DATA FOR THIS TASK:

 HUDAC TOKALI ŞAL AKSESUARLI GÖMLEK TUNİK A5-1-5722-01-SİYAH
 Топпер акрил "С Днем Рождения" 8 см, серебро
* * *
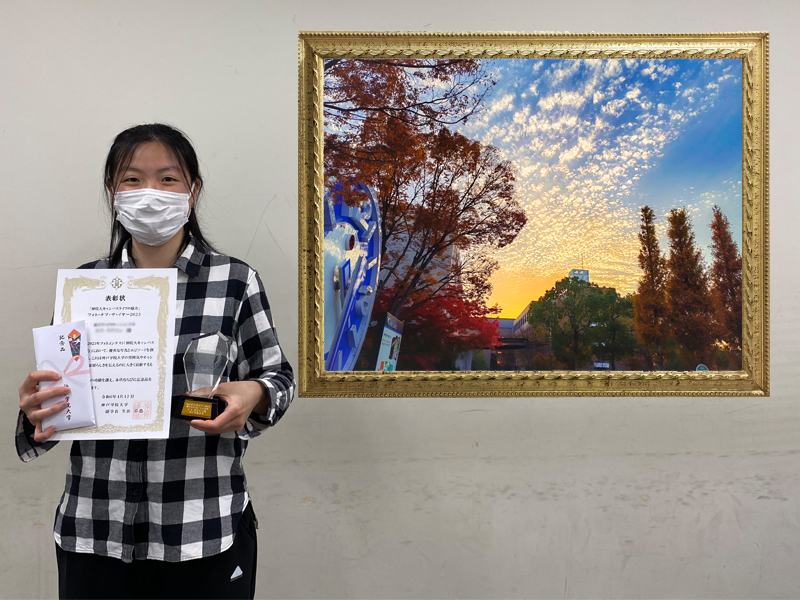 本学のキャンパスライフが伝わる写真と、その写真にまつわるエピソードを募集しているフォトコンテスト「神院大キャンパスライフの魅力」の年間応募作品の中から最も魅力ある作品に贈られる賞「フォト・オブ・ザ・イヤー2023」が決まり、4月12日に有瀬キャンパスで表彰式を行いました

EXERCISE: Looking back over the data above, restate word for word the lines that begin at the line with "HUDAC TOKALI ŞAL" and end at the line with "8 см, серебро", inclusive.

EXERCISE RESULT:
 HUDAC TOKALI ŞAL AKSESUARLI GÖMLEK TUNİK A5-1-5722-01-SİYAH
 Топпер акрил "С Днем Рождения" 8 см, серебро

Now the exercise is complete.